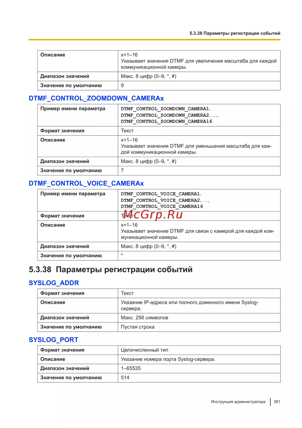 Пример имени параметра DTMF_CONTROL_ZOOMDOWN_CAMERA1,
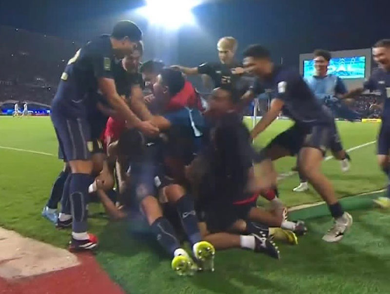 Goal!!!!!!!!!!!!! ช่วงท้ายเกม ไทย ที่พยายามอย่างหนัก มาได้ประตูชัย 2-1 จนได้ จากลูกเตะมุม และเป็น ธีราทร เปิดเข้ามาในกรอบเขตโทษ มานูเอล ทอมเบียร์ ขึ้นโขกเข้าไปไม่มีเหลือ
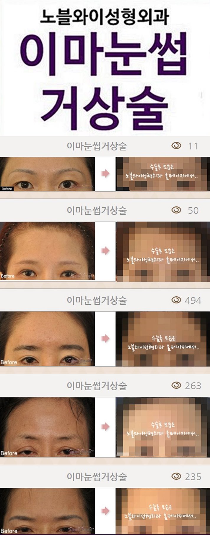 ○ 이마눈썹거상 전/후 사진보기(클릭)○
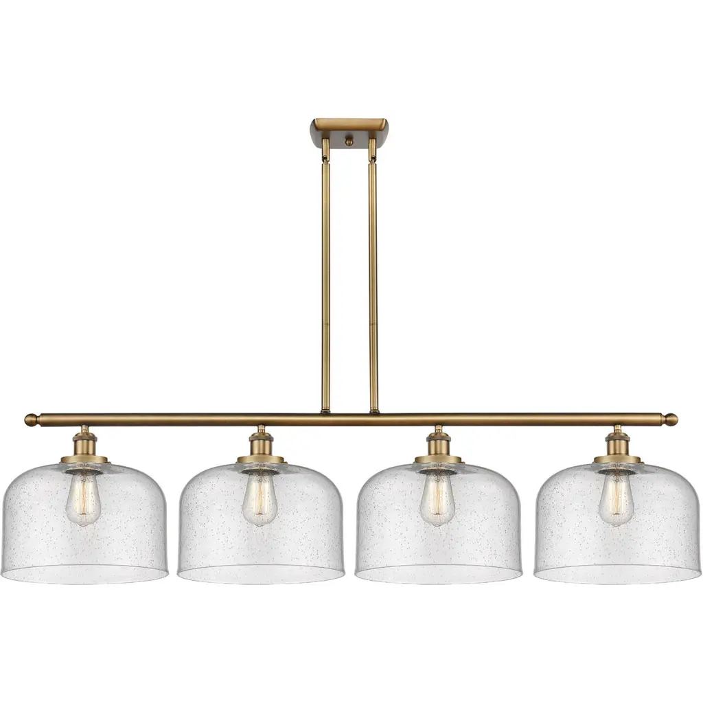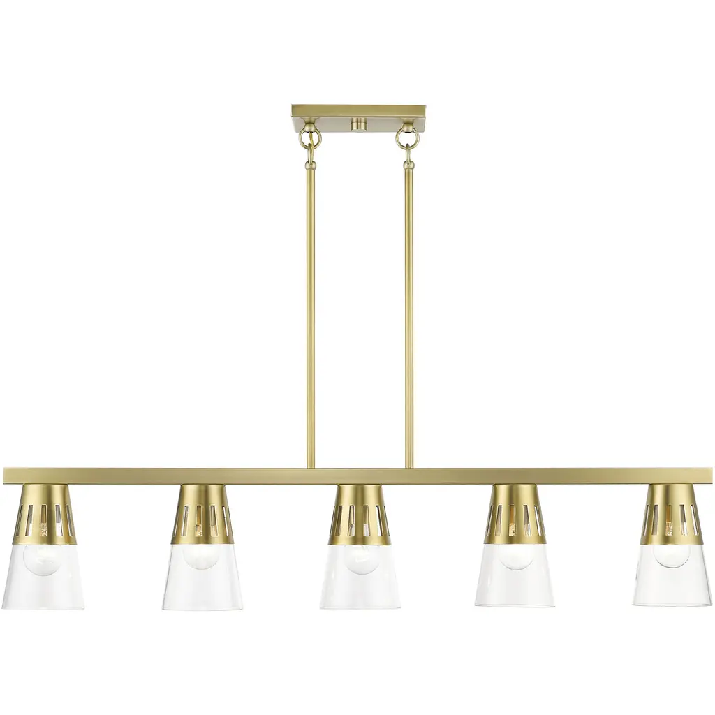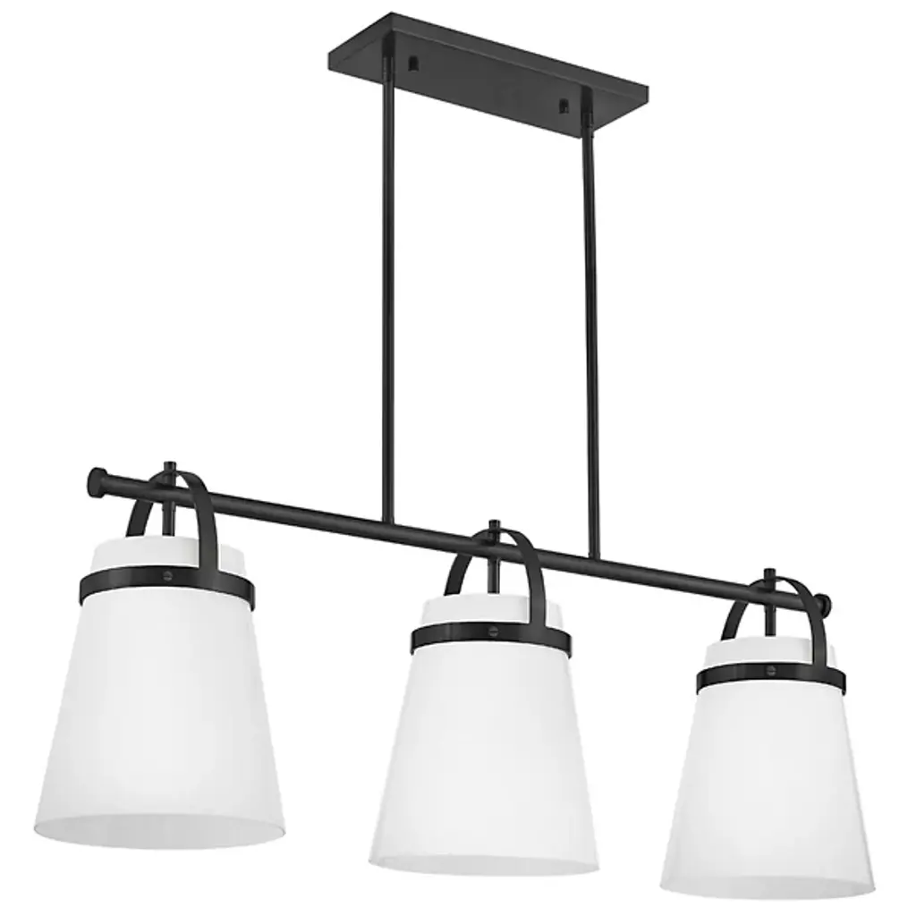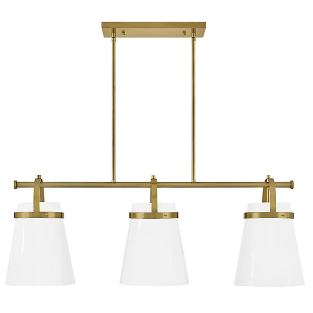The Tori Linear Suspension presents one’s kitchen or dining spaces with delightful containers brimming with cozy illumination. This transitional piece looks sharp in the room as it hangs with a series of tidy rods. The arching hardware of the shades top the crossbar in lovely accents. These accents catch the eyes against the pristine white hue of the shades. The tapered drum shades display a soft warmth on their surfaces. They filter and rain down an even stream of illumination.

=====

Work instruction:
Transcribe the material above word for word; images do not belong in the copy.

Solution to this task:
 Пример имени параметра DTMF_CONTROL_ZOOMDOWN_CAMERA1,
 Goal!!!!!!!!!!!!! ช่วงท้ายเกม ไทย ที่พยายามอย่างหนัก มาได้ประตูชัย 2-1 จนได้ จากลูกเตะมุม และเป็น ธีราทร เปิดเข้ามาในกรอบเขตโทษ มานูเอล ทอมเบียร์ ขึ้นโขกเข้าไปไม่มีเหลือ
 ○ 이마눈썹거상 전/후 사진보기(클릭)○
The Tori Linear Suspension presents one’s kitchen or dining spaces with delightful containers brimming with cozy illumination. This transitional piece looks sharp in the room as it hangs with a series of tidy rods. The arching hardware of the shades top the crossbar in lovely accents. These accents catch the eyes against the pristine white hue of the shades. The tapered drum shades display a soft warmth on their surfaces. They filter and rain down an even stream of illumination.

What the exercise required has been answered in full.